• **ABOUT THIS TASK**: Would you restate every entry below word for word? Leave out the pictures.

• **TASK INPUT**:
════════════════════

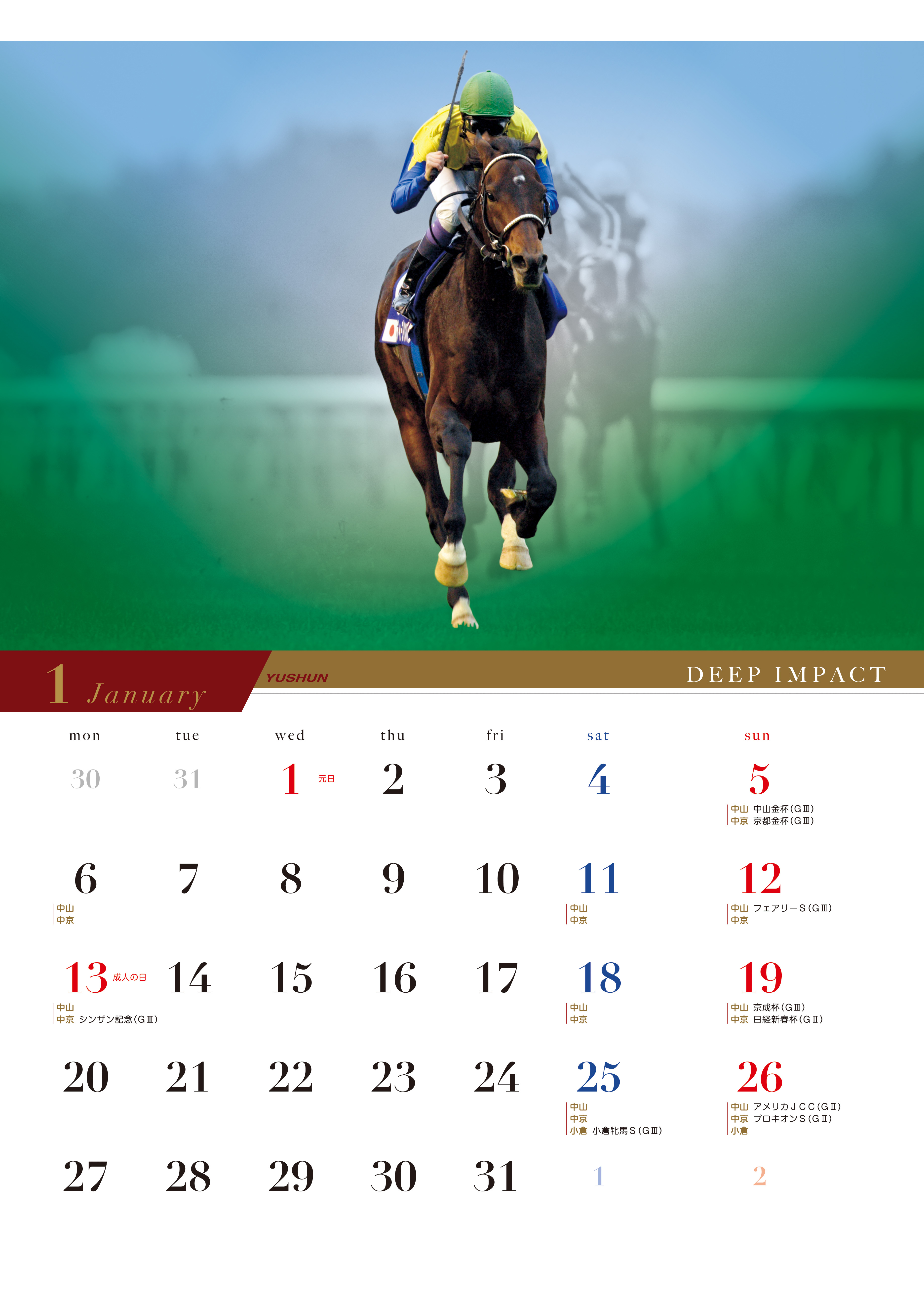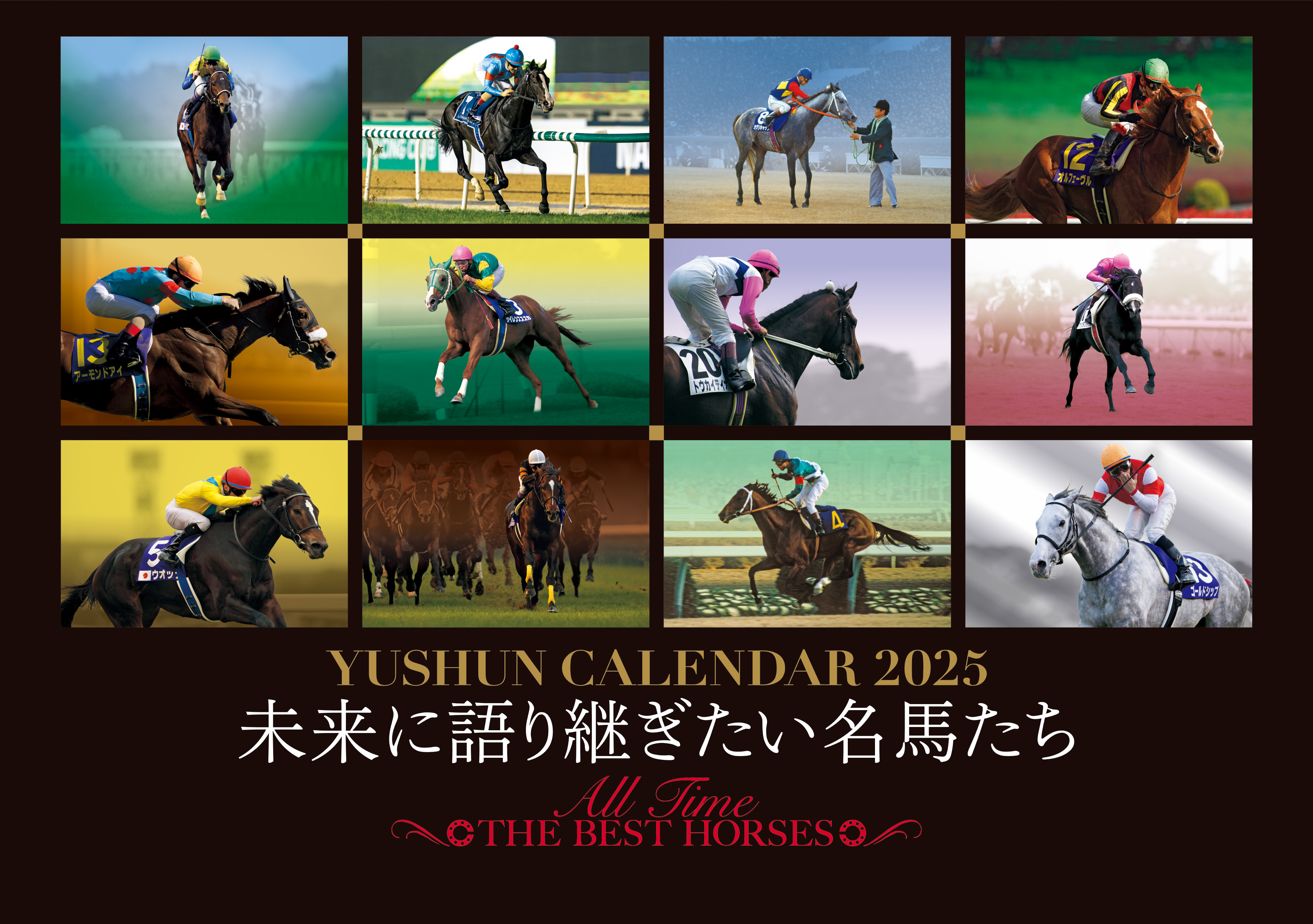 新春特別付録の優駿オリジナルカレンダーは、『優駿』9月号で発表した「未来に語り継ぎたい名馬BEST100」上位12頭を収録しています。
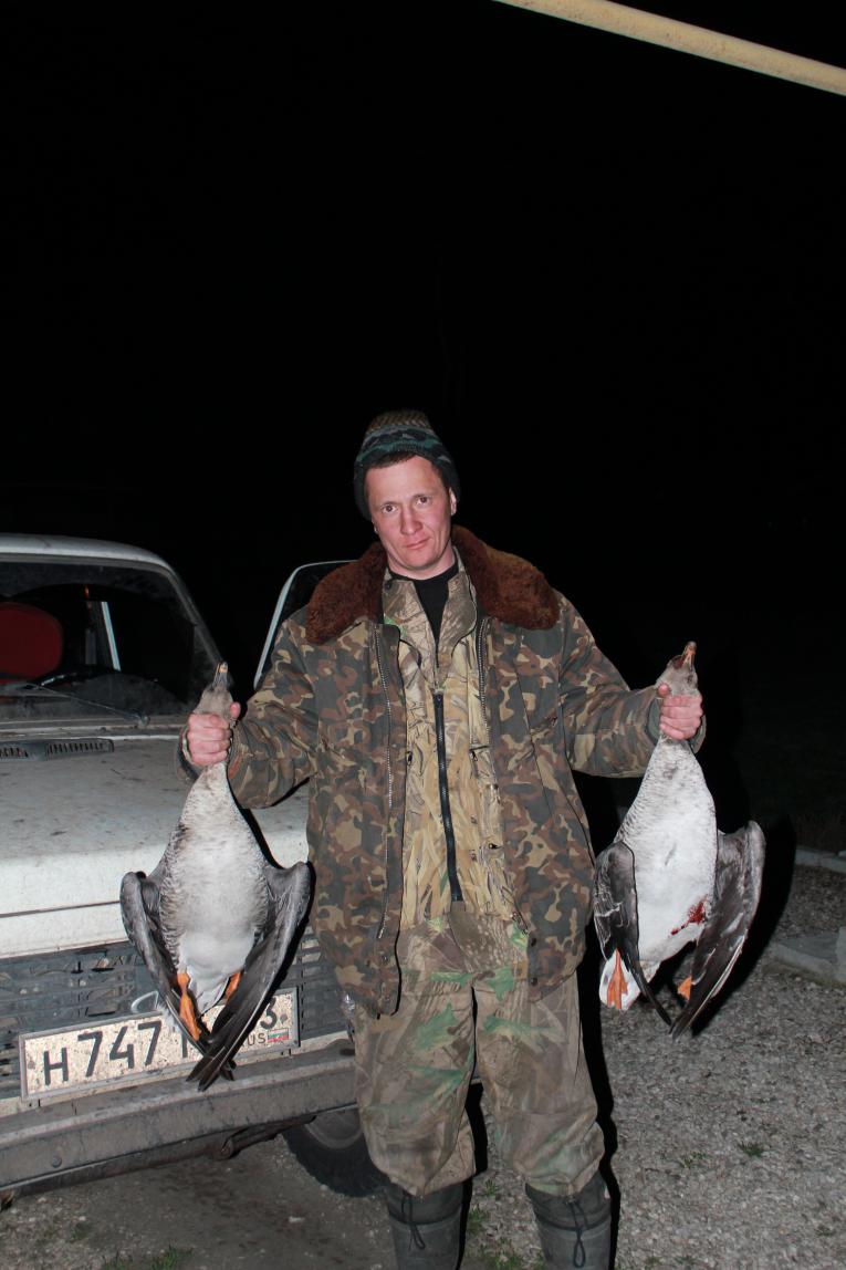Приехали, нашли, много мазали, но маленько взяли. Попробовали охоту на перелетах, на вечерке на выходе с поля, немного с местом не угадывали (мало стрелков). С кормежки гусь уходил одним коридором, как первая стая уходит, так и остальные за ней +/- 20-30 метров. |
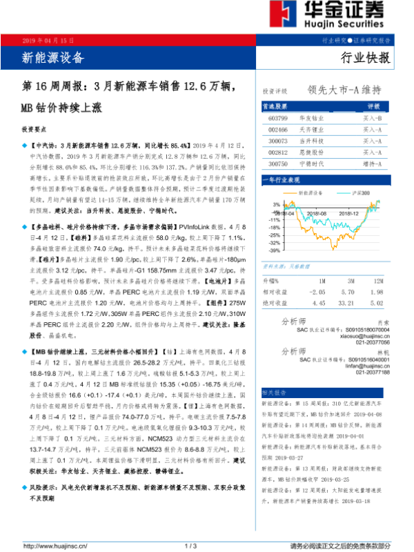 【华金证券】【20190415】20190415-华金证券-新能源设备第16周周报:3月新能源车销售12.6万辆,MB钴价持续上涨-3页
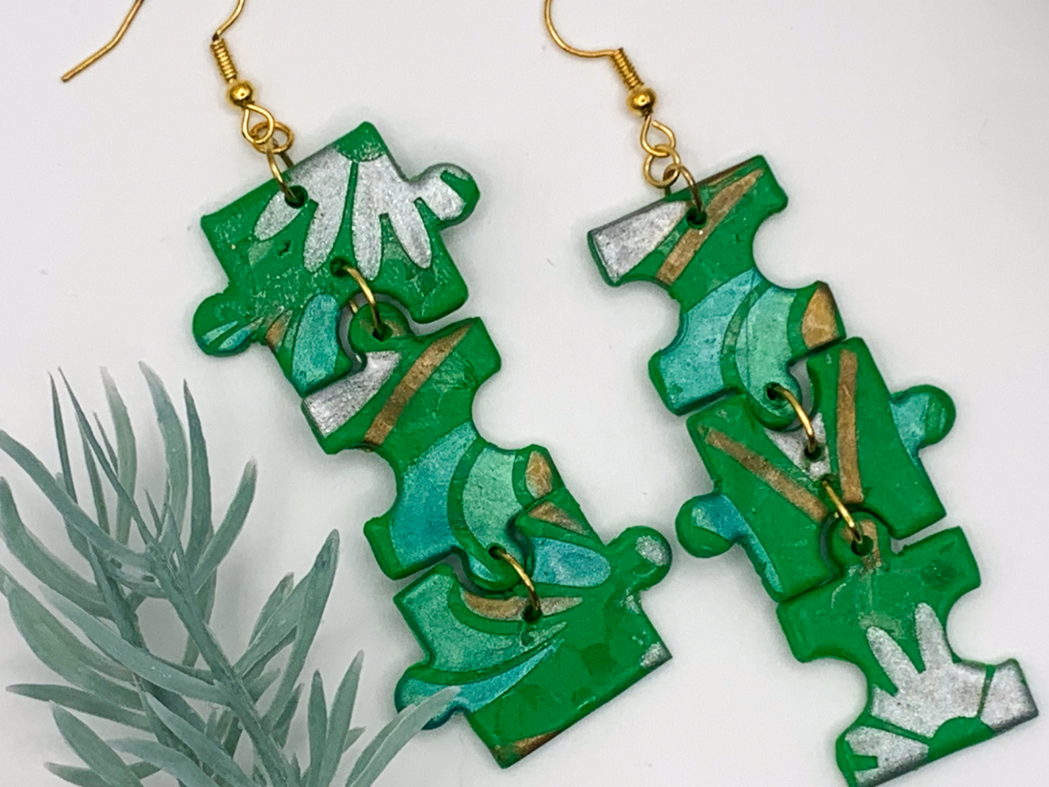 Playful and artistic! These dangling puzzle piece earrings feature layered shades of green with metallic accents for a bold, creative look.
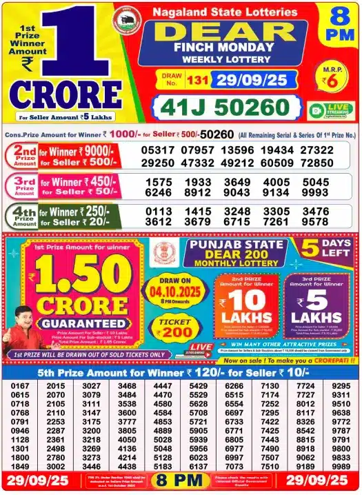 Nagaland Lottery Sambad 29 September 2025 Result. Dear Lottery Today Results. Nagaland Lottery Sambad 1:00 PM Result. Lottery Sambad 6:00 PM Result. Lottery Sambad 8:00 PM Result.
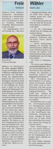 Die Freien Wähler unterbreiten dem Gemeinderat ihren Vorschlag für die Nachfolge des verstorbenen FWV-Mitgliedes Herrn Heinz Klenk im Bezirksbeirat von Heilbronn-Horkheim.
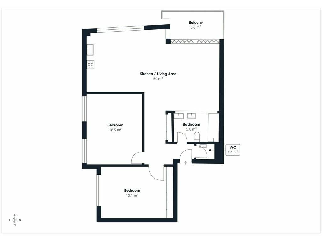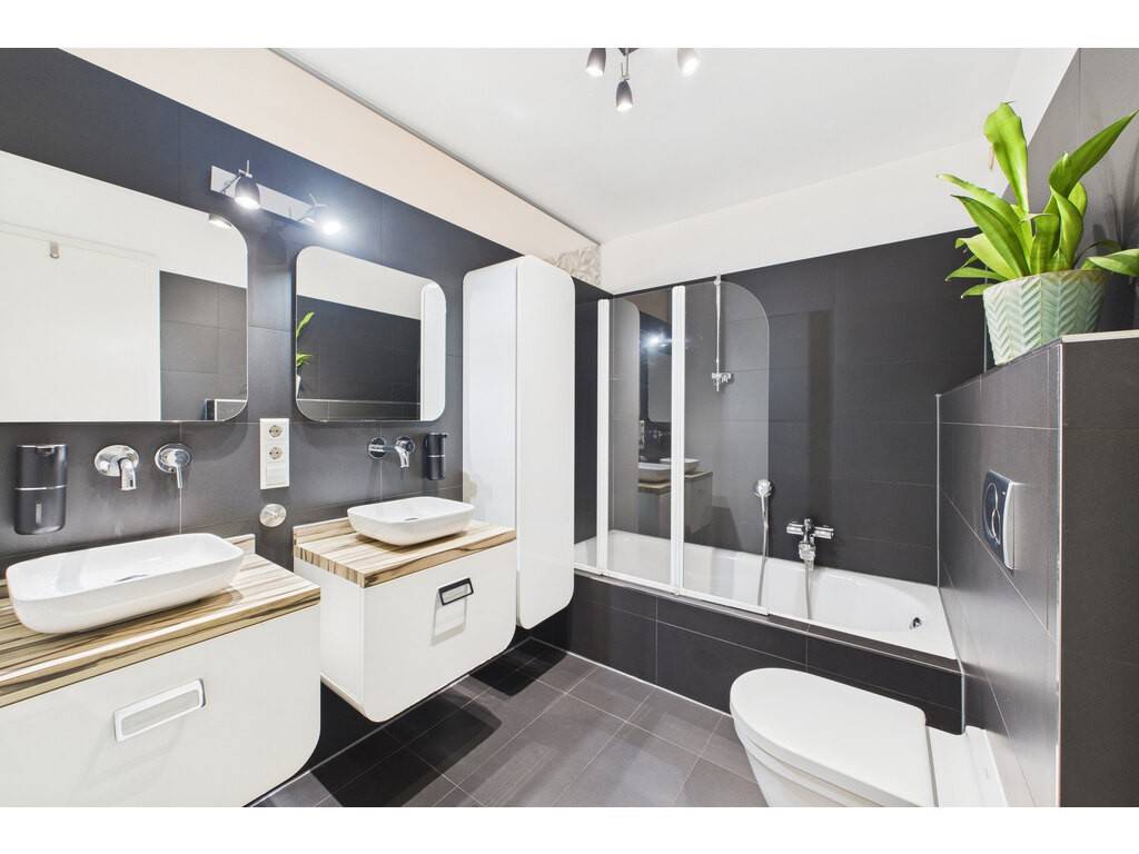 Layout: entrance hall, fully equipped open kitchen, living/dining area (50 sqm) - with direct access to the loggia (6.6 sqm) - 2 bedrooms ( 18.5 sqm + 15.1 sqm) - bathroom with double washbasin, bathtub and toilet ( 5.8 sqm) - separate toilet ( 1.4 sqm).
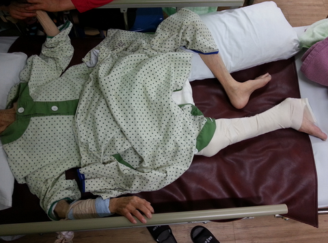 간호사에게 가서 이게 어떻게 된 일이냐고 묻자 “할머니가 새벽에 혼자서 손목에 묶여 있는 끈을 풀고 침대 위에서 뱅글뱅글 돌다가 침대 사이드에 다리가 끼시는 바람에 다쳤다”라고 대답했습니다.
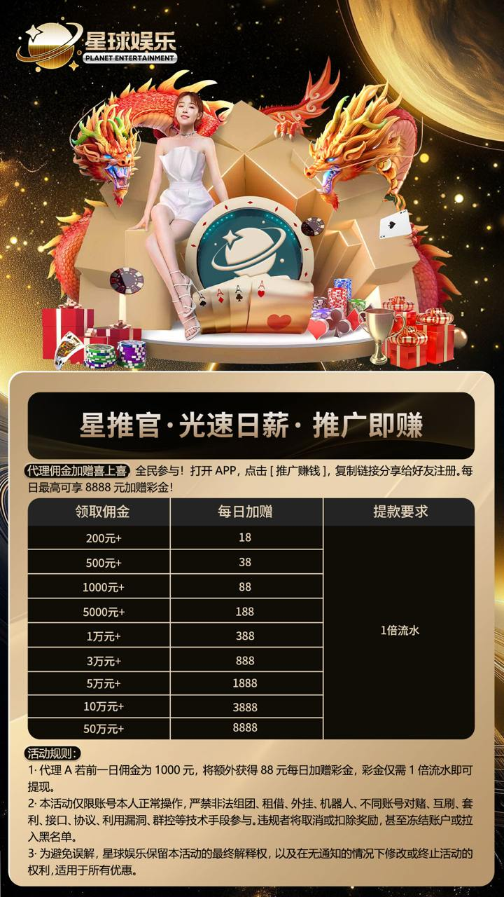 可推可玩,每万流水返佣100起步,下级推广下级,可获得下级佣金的50%,不扣下级佣金
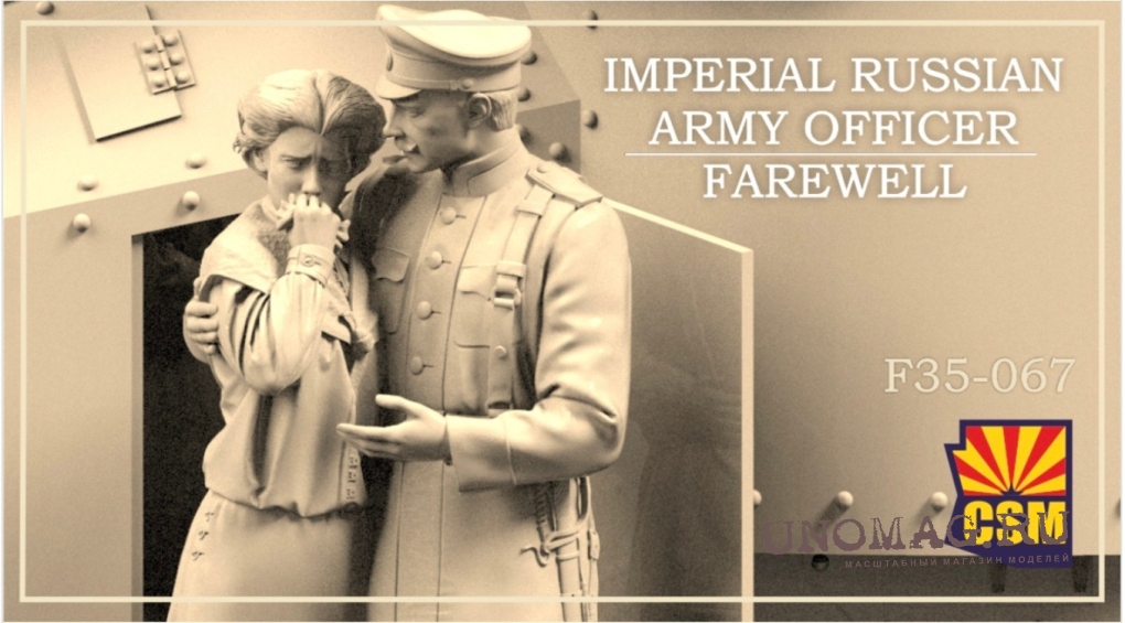 Две искусно выполненные 3D-печатные фигурки изображают русского офицера, который прощается с любимой женщиной - возможно, в последний раз. Эмоциональная композиция отражает мрачную неопределенность, с которой сталкивались солдаты, отправлявшиеся на фронт, и делает ее эффектным центральным элементом диорамы.
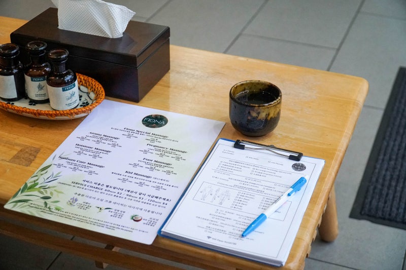 마사지를 받기 전에 집중하고 싶은 부분과 피해야 할 부분에 대해 말씀드렸습니다. 그 후 마사지실로 들어갔습니다. 마사지실도 다양하게 있는데 저희는 2인용 커플룸을 받아서 프라이빗하게 지낼 수 있어서 좋았어요. 객실 내부에는 옷걸이, 거울, 개인 물품 보관소도 마련되어 있습니다. 고민 없이 옷을 갈아입었어요.

════════════════════

• **SOLUTION FOR THIS EXERCISE**:
 新春特別付録の優駿オリジナルカレンダーは、『優駿』9月号で発表した「未来に語り継ぎたい名馬BEST100」上位12頭を収録しています。
Приехали, нашли, много мазали, но маленько взяли. Попробовали охоту на перелетах, на вечерке на выходе с поля, немного с местом не угадывали (мало стрелков). С кормежки гусь уходил одним коридором, как первая стая уходит, так и остальные за ней +/- 20-30 метров. |
 【华金证券】【20190415】20190415-华金证券-新能源设备第16周周报:3月新能源车销售12.6万辆,MB钴价持续上涨-3页
 Playful and artistic! These dangling puzzle piece earrings feature layered shades of green with metallic accents for a bold, creative look.
 Nagaland Lottery Sambad 29 September 2025 Result. Dear Lottery Today Results. Nagaland Lottery Sambad 1:00 PM Result. Lottery Sambad 6:00 PM Result. Lottery Sambad 8:00 PM Result.
 Die Freien Wähler unterbreiten dem Gemeinderat ihren Vorschlag für die Nachfolge des verstorbenen FWV-Mitgliedes Herrn Heinz Klenk im Bezirksbeirat von Heilbronn-Horkheim.
 Layout: entrance hall, fully equipped open kitchen, living/dining area (50 sqm) - with direct access to the loggia (6.6 sqm) - 2 bedrooms ( 18.5 sqm + 15.1 sqm) - bathroom with double washbasin, bathtub and toilet ( 5.8 sqm) - separate toilet ( 1.4 sqm).
 간호사에게 가서 이게 어떻게 된 일이냐고 묻자 “할머니가 새벽에 혼자서 손목에 묶여 있는 끈을 풀고 침대 위에서 뱅글뱅글 돌다가 침대 사이드에 다리가 끼시는 바람에 다쳤다”라고 대답했습니다.
 可推可玩,每万流水返佣100起步,下级推广下级,可获得下级佣金的50%,不扣下级佣金
 Две искусно выполненные 3D-печатные фигурки изображают русского офицера, который прощается с любимой женщиной - возможно, в последний раз. Эмоциональная композиция отражает мрачную неопределенность, с которой сталкивались солдаты, отправлявшиеся на фронт, и делает ее эффектным центральным элементом диорамы.
 마사지를 받기 전에 집중하고 싶은 부분과 피해야 할 부분에 대해 말씀드렸습니다. 그 후 마사지실로 들어갔습니다. 마사지실도 다양하게 있는데 저희는 2인용 커플룸을 받아서 프라이빗하게 지낼 수 있어서 좋았어요. 객실 내부에는 옷걸이, 거울, 개인 물품 보관소도 마련되어 있습니다. 고민 없이 옷을 갈아입었어요.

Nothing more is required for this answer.